[[ GIVEN DATA, beginning ]]

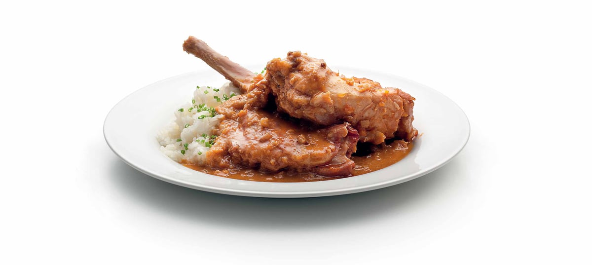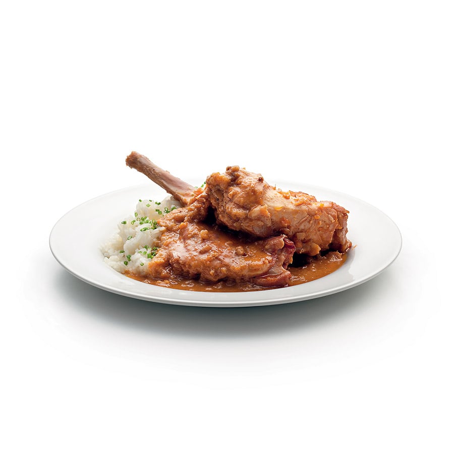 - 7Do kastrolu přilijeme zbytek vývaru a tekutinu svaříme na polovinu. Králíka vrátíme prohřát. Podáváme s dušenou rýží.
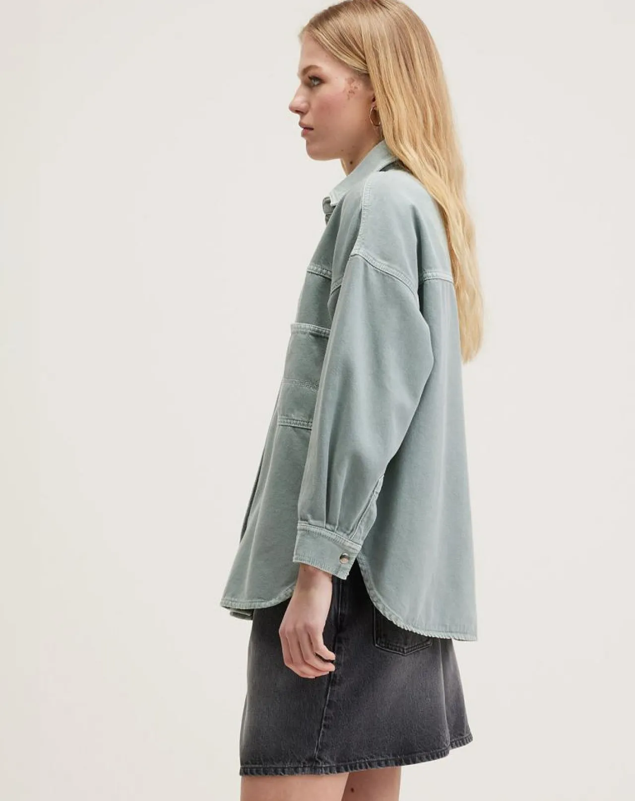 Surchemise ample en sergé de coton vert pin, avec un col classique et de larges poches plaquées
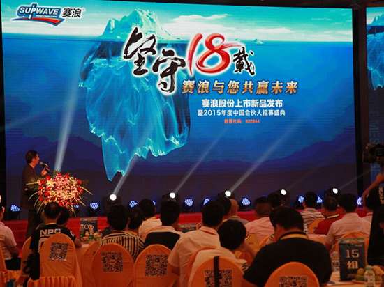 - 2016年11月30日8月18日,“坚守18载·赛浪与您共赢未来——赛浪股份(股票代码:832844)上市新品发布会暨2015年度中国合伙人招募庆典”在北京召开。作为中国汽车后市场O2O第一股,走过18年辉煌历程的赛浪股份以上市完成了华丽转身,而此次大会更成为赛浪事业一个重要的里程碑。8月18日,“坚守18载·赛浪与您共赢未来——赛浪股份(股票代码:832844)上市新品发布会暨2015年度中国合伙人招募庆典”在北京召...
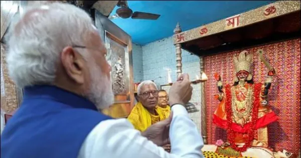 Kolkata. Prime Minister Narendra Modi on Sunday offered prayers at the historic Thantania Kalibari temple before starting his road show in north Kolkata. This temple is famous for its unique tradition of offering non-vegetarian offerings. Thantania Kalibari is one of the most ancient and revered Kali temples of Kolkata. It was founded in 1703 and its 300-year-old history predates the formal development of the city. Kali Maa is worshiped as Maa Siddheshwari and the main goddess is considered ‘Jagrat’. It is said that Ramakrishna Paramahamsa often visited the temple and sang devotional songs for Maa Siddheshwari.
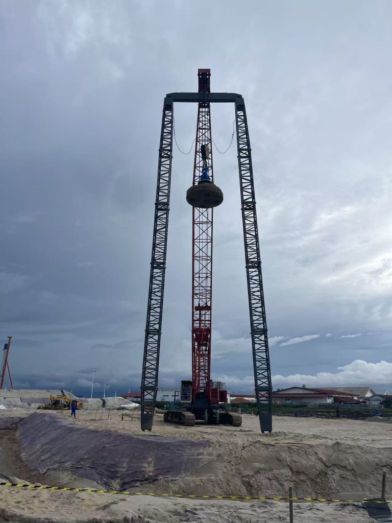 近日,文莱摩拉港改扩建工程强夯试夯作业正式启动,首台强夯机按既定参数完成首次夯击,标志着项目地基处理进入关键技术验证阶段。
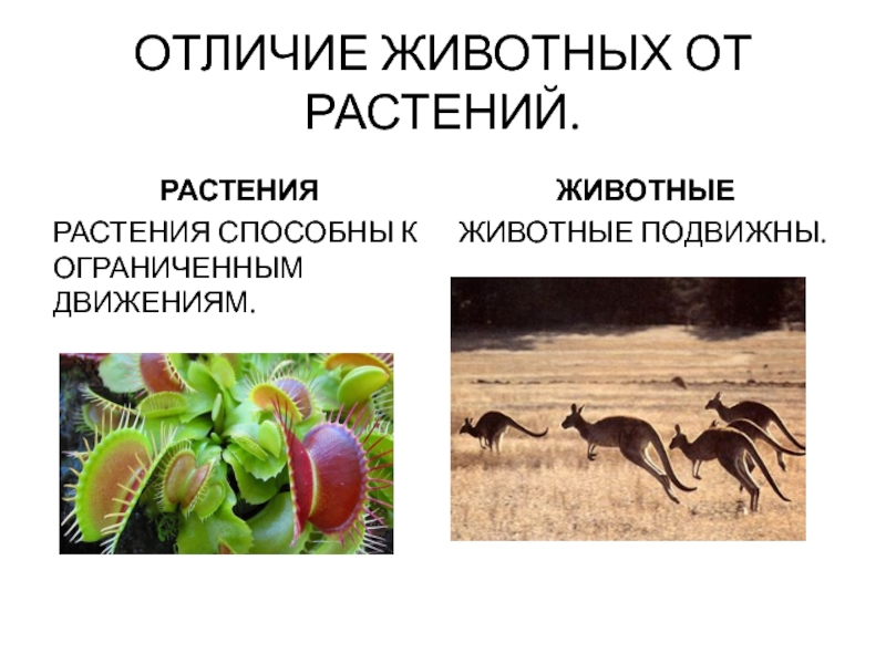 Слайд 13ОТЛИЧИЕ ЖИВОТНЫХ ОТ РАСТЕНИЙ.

[[ GIVEN DATA, end ]]

** EXERCISE OBJECTIVE **
Omit every image. Quote each record exactly.

** EXPECTED ANSWER **
 - 7Do kastrolu přilijeme zbytek vývaru a tekutinu svaříme na polovinu. Králíka vrátíme prohřát. Podáváme s dušenou rýží.
 Surchemise ample en sergé de coton vert pin, avec un col classique et de larges poches plaquées
 - 2016年11月30日8月18日,“坚守18载·赛浪与您共赢未来——赛浪股份(股票代码:832844)上市新品发布会暨2015年度中国合伙人招募庆典”在北京召开。作为中国汽车后市场O2O第一股,走过18年辉煌历程的赛浪股份以上市完成了华丽转身,而此次大会更成为赛浪事业一个重要的里程碑。8月18日,“坚守18载·赛浪与您共赢未来——赛浪股份(股票代码:832844)上市新品发布会暨2015年度中国合伙人招募庆典”在北京召...
 Kolkata. Prime Minister Narendra Modi on Sunday offered prayers at the historic Thantania Kalibari temple before starting his road show in north Kolkata. This temple is famous for its unique tradition of offering non-vegetarian offerings. Thantania Kalibari is one of the most ancient and revered Kali temples of Kolkata. It was founded in 1703 and its 300-year-old history predates the formal development of the city. Kali Maa is worshiped as Maa Siddheshwari and the main goddess is considered ‘Jagrat’. It is said that Ramakrishna Paramahamsa often visited the temple and sang devotional songs for Maa Siddheshwari.
 近日,文莱摩拉港改扩建工程强夯试夯作业正式启动,首台强夯机按既定参数完成首次夯击,标志着项目地基处理进入关键技术验证阶段。
 Слайд 13ОТЛИЧИЕ ЖИВОТНЫХ ОТ РАСТЕНИЙ.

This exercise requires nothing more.